Monday, June 21, 2010

Reflections on Adult Learning



Merriam, Caffarella and Baumgartner (2007) state that both self-directed learning (SDL) and andragogy "are grounded in humanistic theories." (p. 283-284). The assumptions of andragogy do form part of my reflective learning about my experiences as an adult learner and as a practitioner of workplace learning and development. The very fact that so many adult educators utilize andragogical principals in their practice of adult education, reinforces their relevance as a tool for creating the appropriate learning environment. Setting aside arguments as to their comprehensiveness, accuracy or validity, it remains important that a significant number of educators utilize andragogy to inform their practice. If these educators are doing so, there has to be a wide-based recognition of their utility or they would have fallen out of practice.

The outcome of learning, according to Maslow's hierarchy, is self-actualization. One of the alternatives proposed by Maslow was reported to be "the grappling with the critical existential problems of life." This was very insightful to me because Dr. Cornell West of Princeton University has taught on this very point, stating that to be truly human, individuals must focus on the significant and fundamental questions of what it means to be human. Dr. West uses the word paideia to characterize the learning of what it means to be human. According to Wikipedia, the ancient Greek word paideia means instruction or learning related to an individual's realization of their true form, an understanding of what is meant to be genuinely human. This type of education seems to be totally within the humanistic framework, as one of Rogers' characteristics of learning is "essence is meaning" (Merriam, Caffarella and Baumgartner, 2007, p. 283).

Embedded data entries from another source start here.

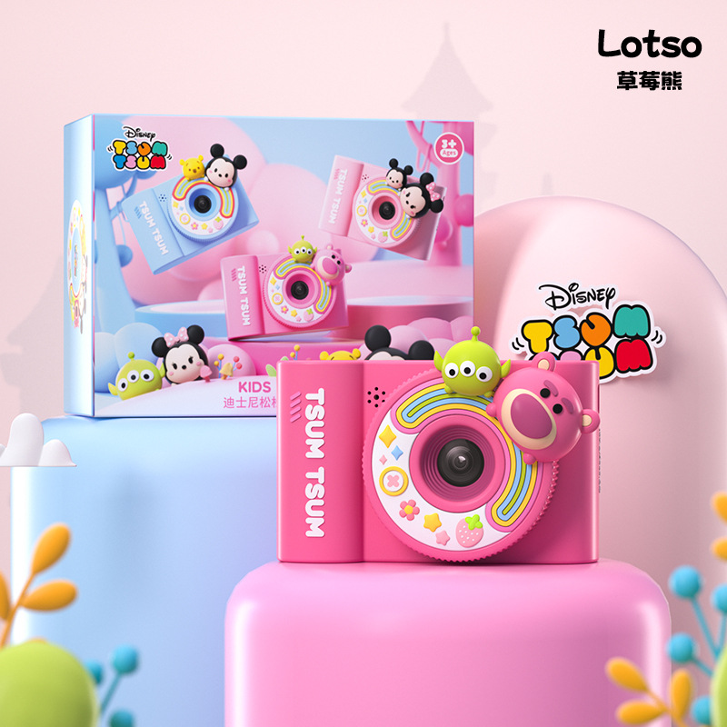 어린이의 새로운 딸기 곰 카메라 소년과 소녀 장난감은 사진과 비디오를 찍을 수 있습니다 미니 고화질 디지털 카메라 선물스토어 가기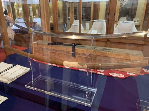 弟の本体(とされている刀剣のうち1口である)薄緑を蔵する同じ京都の大覚寺さんではこのたび、クラウドファンディングで浄財をつのった、薄緑の新しい白鞘(拵え等をつけていない、刀身を保護するためだけの白木の鞘)やそれをおさめる箱、箱にかける布といったものの新調がもろもろ完成して、その記念としてなんと薄緑も特別公開されているというではありませんか。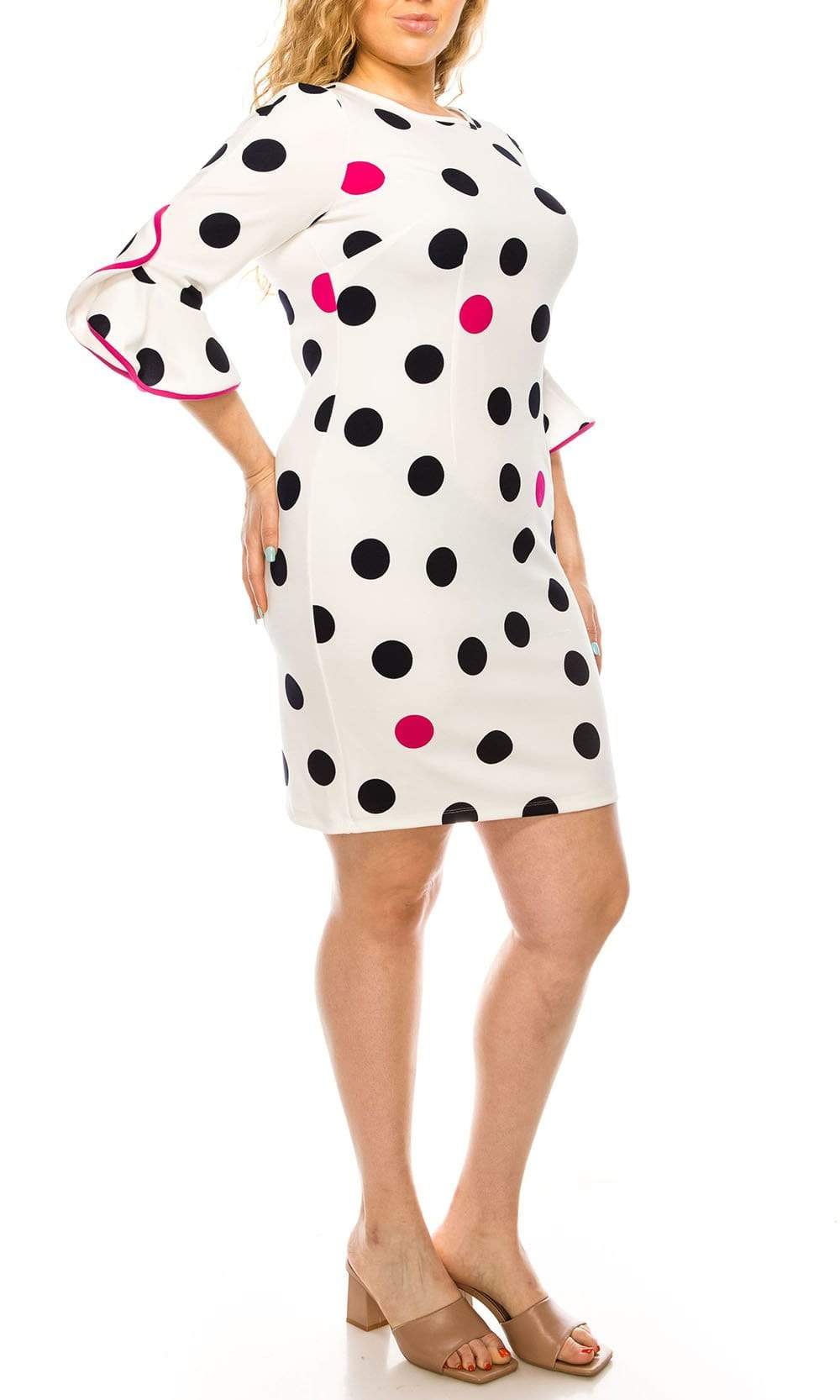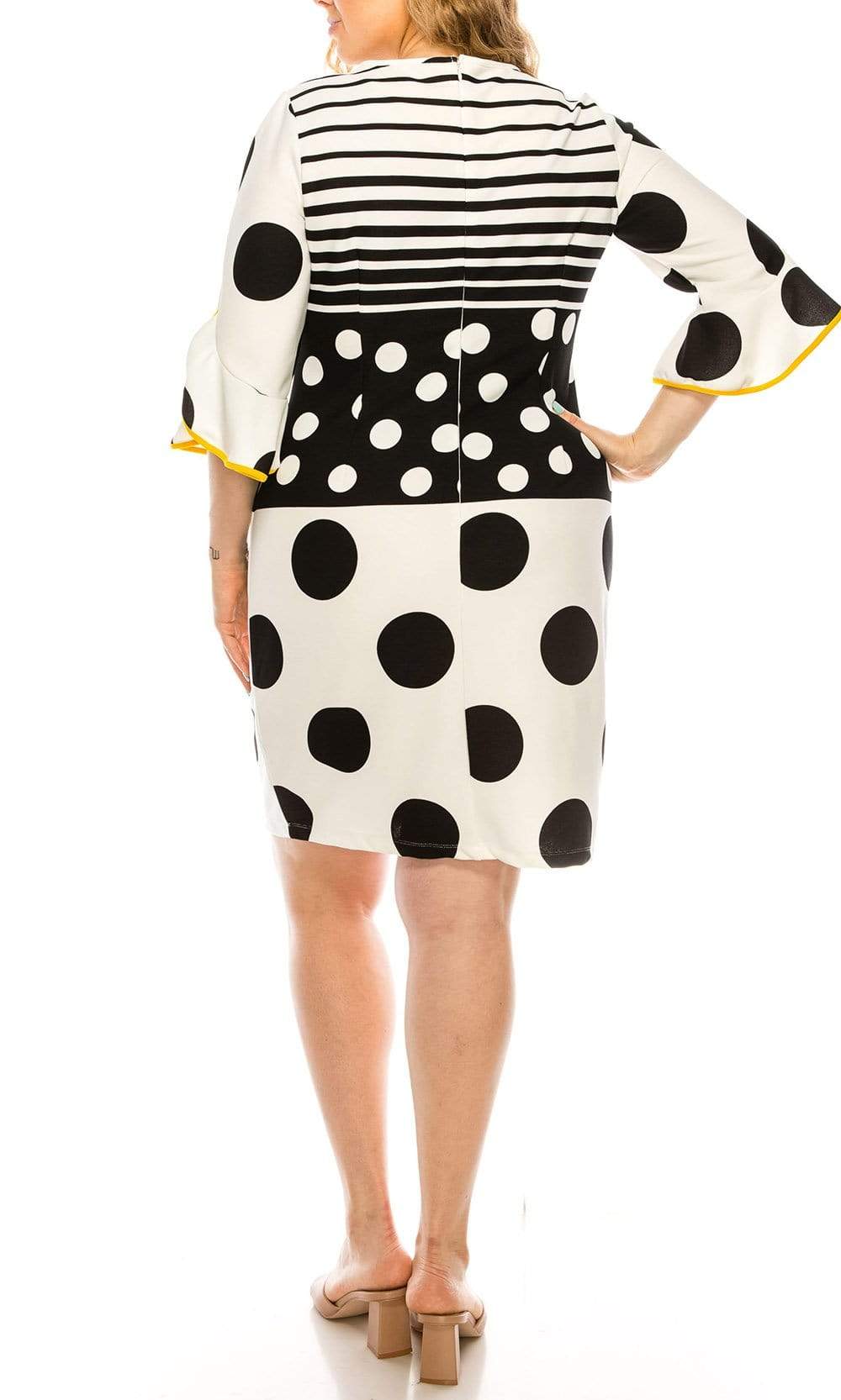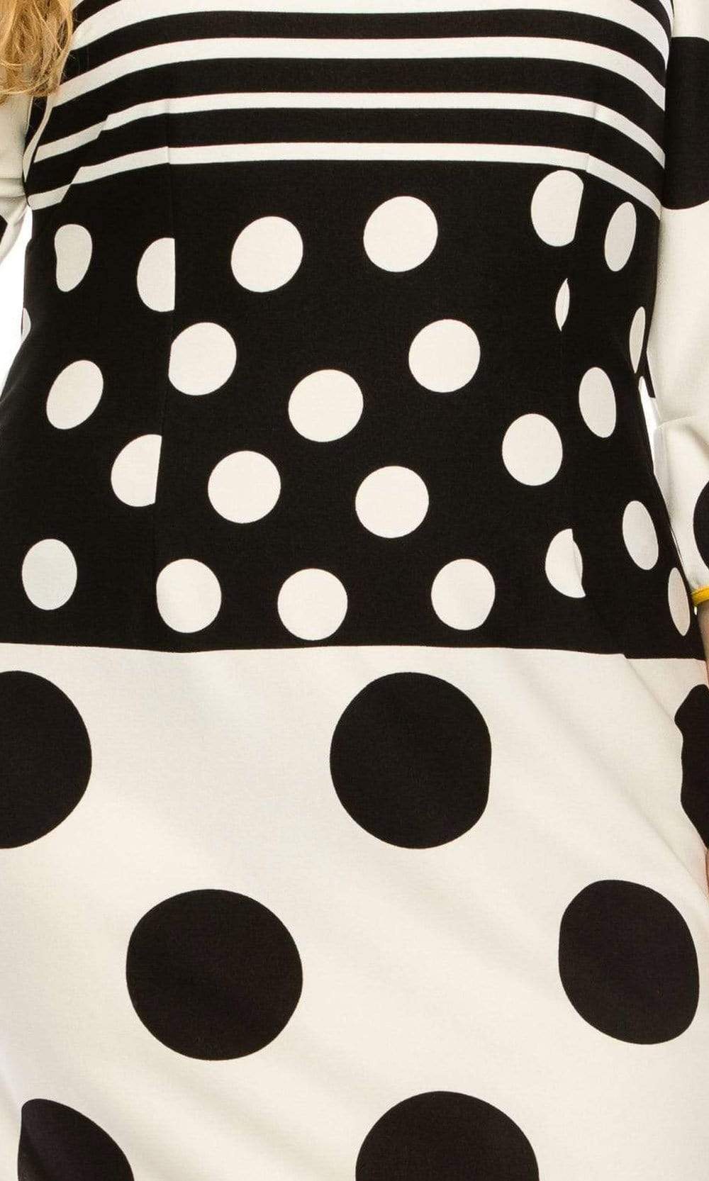Holiday DressesLet your look be the topic of conversation in this casual yet chic ILE Clothing SCP1082 dress. This dress showcases a jewel neckline supported by quarter length ruffled bell sleeves in a polka dots printed bodice. The skirt reveals a sheath silhouette while the back shows a full back with back zipper closure. Put your best foot forward in a ILE Clothing creation.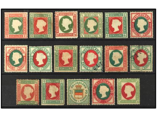*/(*)/° COLONIAS INGLESAS. HELIGOLAND. Ficha con 17 sellos diferentes. Sin garantía. Se vende tal cual. A EXAMINAR. Yvert 1.220€.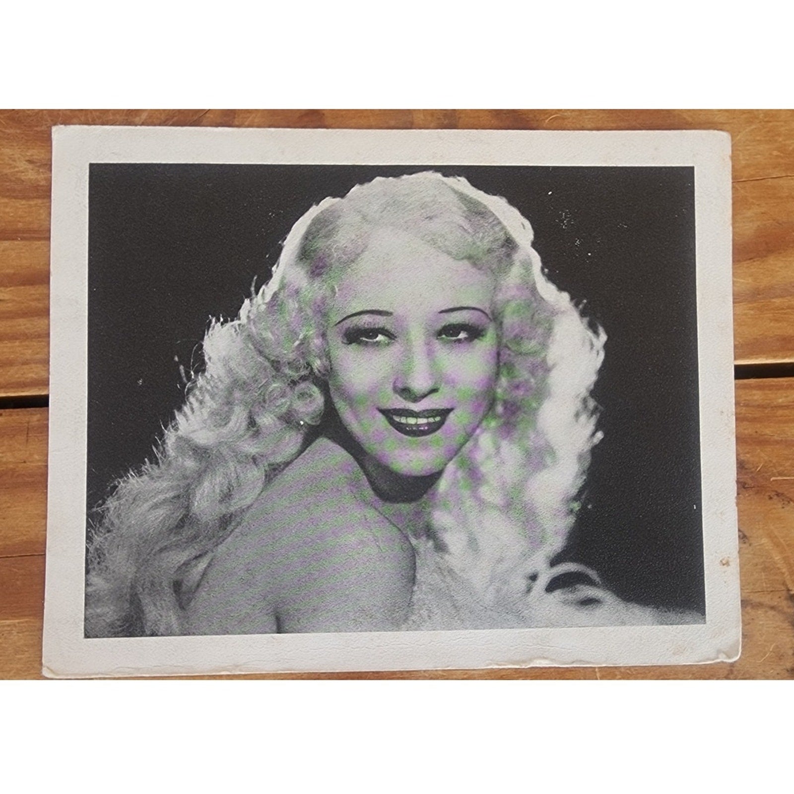 One with her dance routine with large feather fans (very clean, but paper curved) 5" x 7"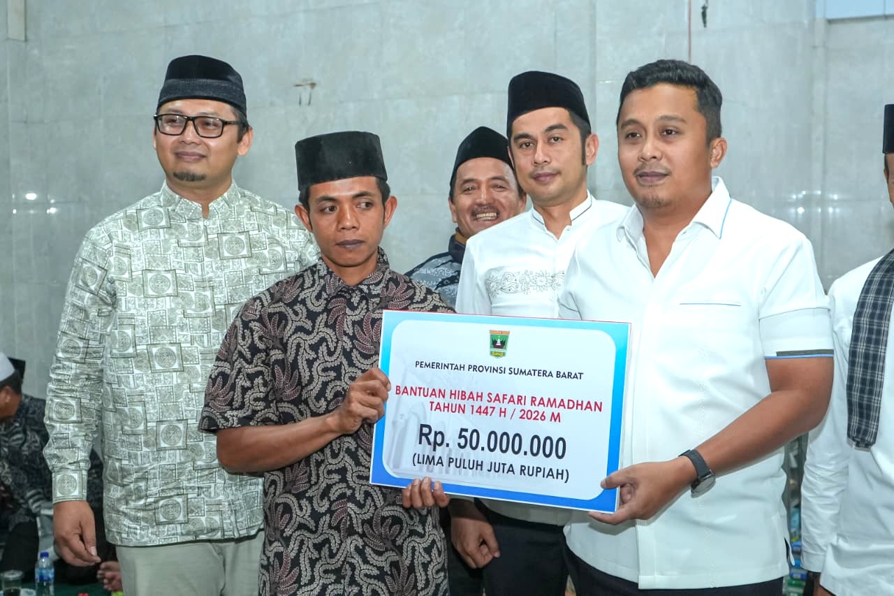 SOLSEL — Wakil Gubernur Sumatera Barat Vasko Ruseimy menyalurkan bantuan untuk dua masjid di Kecamatan Sangir, Kabupaten Solok Selatan, dalam rangka Safari Ramadan 1447 H, Jumat (27/2/2026).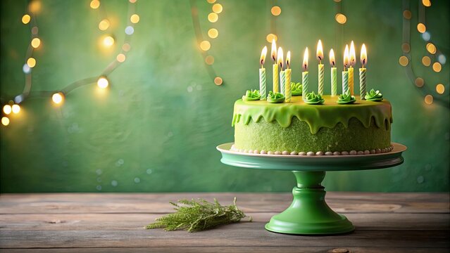 Delicious Green birthday cake with candles on a green background with balloons and space for text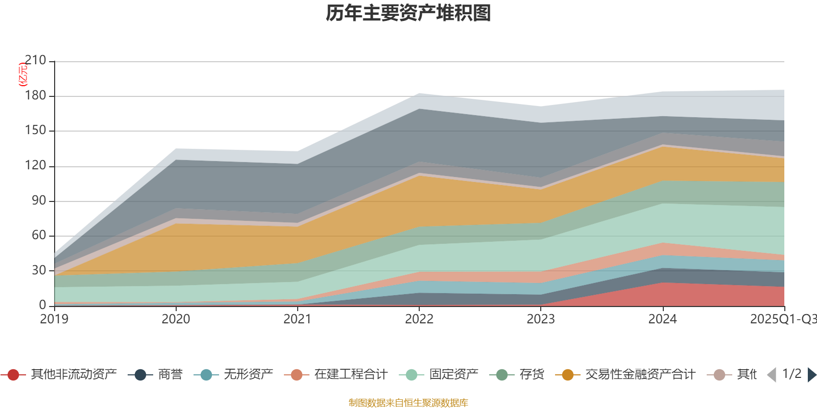 资产重大变化方面,截至2025年三季度末,公司交易性金融资产合计较上年末减少30.21%,占公司总资产比重下降4.89个百分点;固定资产较上年末增加22.39%,占公司总资产比重上升3.9个百分点;在建工程合计较上年末减少56.51%,占公司总资产比重下降3.32个百分点;一年内到期的非流动资产较上年末增加125.3%,占公司总资产比重上升2.32个百分点。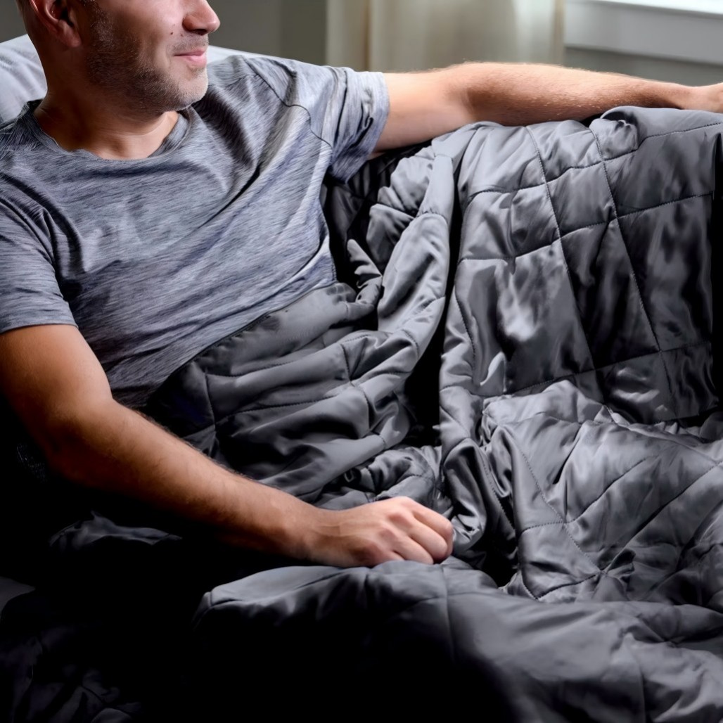 A: A weighted blanket is filled with evenly distributed materials (like glass beads) to provide gentle pressure across the body, promoting relaxation and deeper sleep. Regular quilts focus on warmth and comfort but do not offer this sensory effect.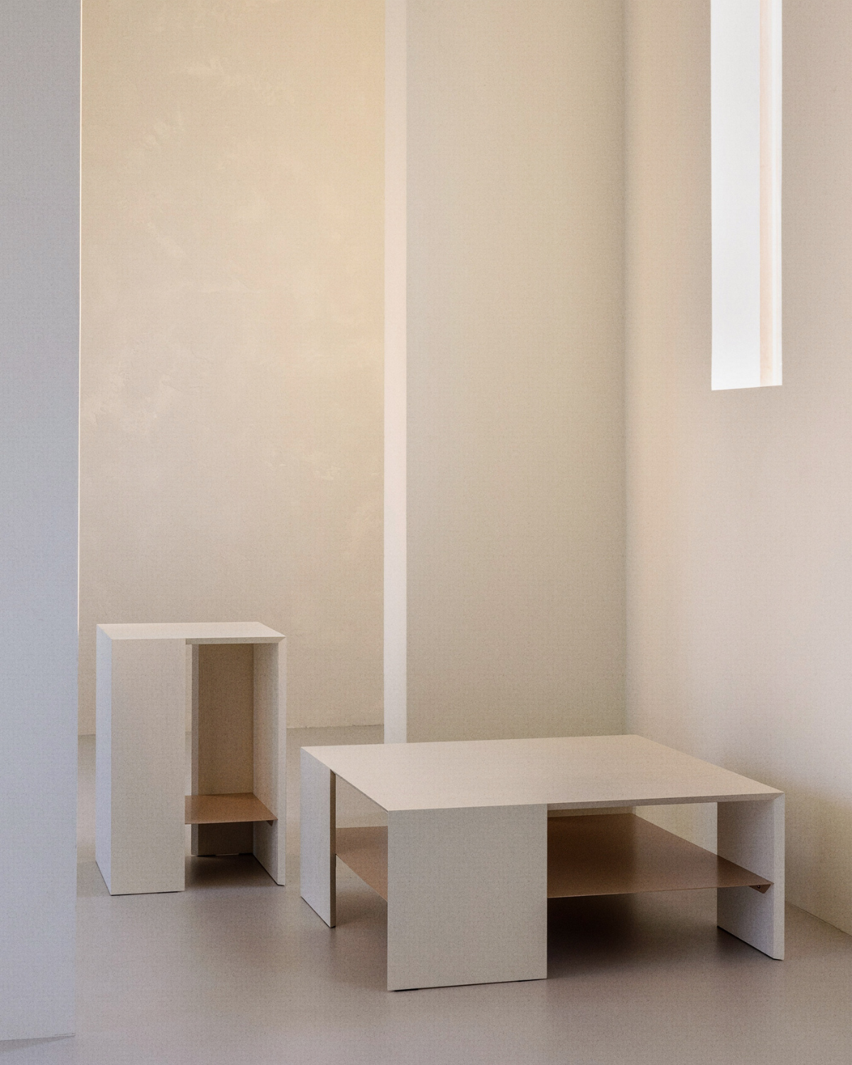 繊細でエレガントなフォルムに仕上げた Kante Sofa Table。

Far from being amorphous, these humanistic learning principles have deep social and political implications. They have fundamentally contributed to the formal institutions of adult learning. The andragogical notion of increasing self-directedness in learning is completely supported in practice. The two most clear examples of which are, in my opinion, the traditional apprenticeship model of instruction (where the apprentice begins with very directed supervision of work by the master, through a journeyman stage with less directedness and greater discretionary learning, through the eventual establishment of self-directed practice at the master level). The second example that I can come up with is American formal educational instruction (where the students at the primary level experience a very directed form of learning, which becomes somewhat less directed in secondary and post-secondary education and culminates in the more or less self-directed activities of the Ph.D. candidate). It was explained to me somewhere along the line in my academic career that the Ph.D. is the terminal degree as by the point at which a learner earns a Ph.D., he or she is capable of independently using the same learning process in which they mastered that subject to any other subject they choose to learn. Both examples are pretty strong indications that our wider educational and social arena have embraced the notion of self-directed learning.

Because humanistic learning is experiential, or rather derivative from our reflection upon and assignment of significance to experience, I also want to relate another example from my experience that is nearly as old as the apprenticeship model that comes from my personal experience in monastic education. In the Rule of St. Benedict, there is an early passage that speaks to the types of monks. In this section, Benedict acknowledges that some monks, after years of monastic practice, may advance to the state of becoming an anchorite or hermit because "they have already learned" and "can cope single-handedly." This is a Western monastic understanding of the progression of learning, however, the self-same thing is recognized in the Eastern monastic understanding (Christian and non-Christian) where each monk selects a master under which he/she learns the way of life and achieves the goal to which his/her life is ordered, whether that is salvation, enlightenment or in our humanistic learning theory language, self-actualization. Thereupon arriving, the monk/nun becomes a master in their own right and begins to accept students themselves.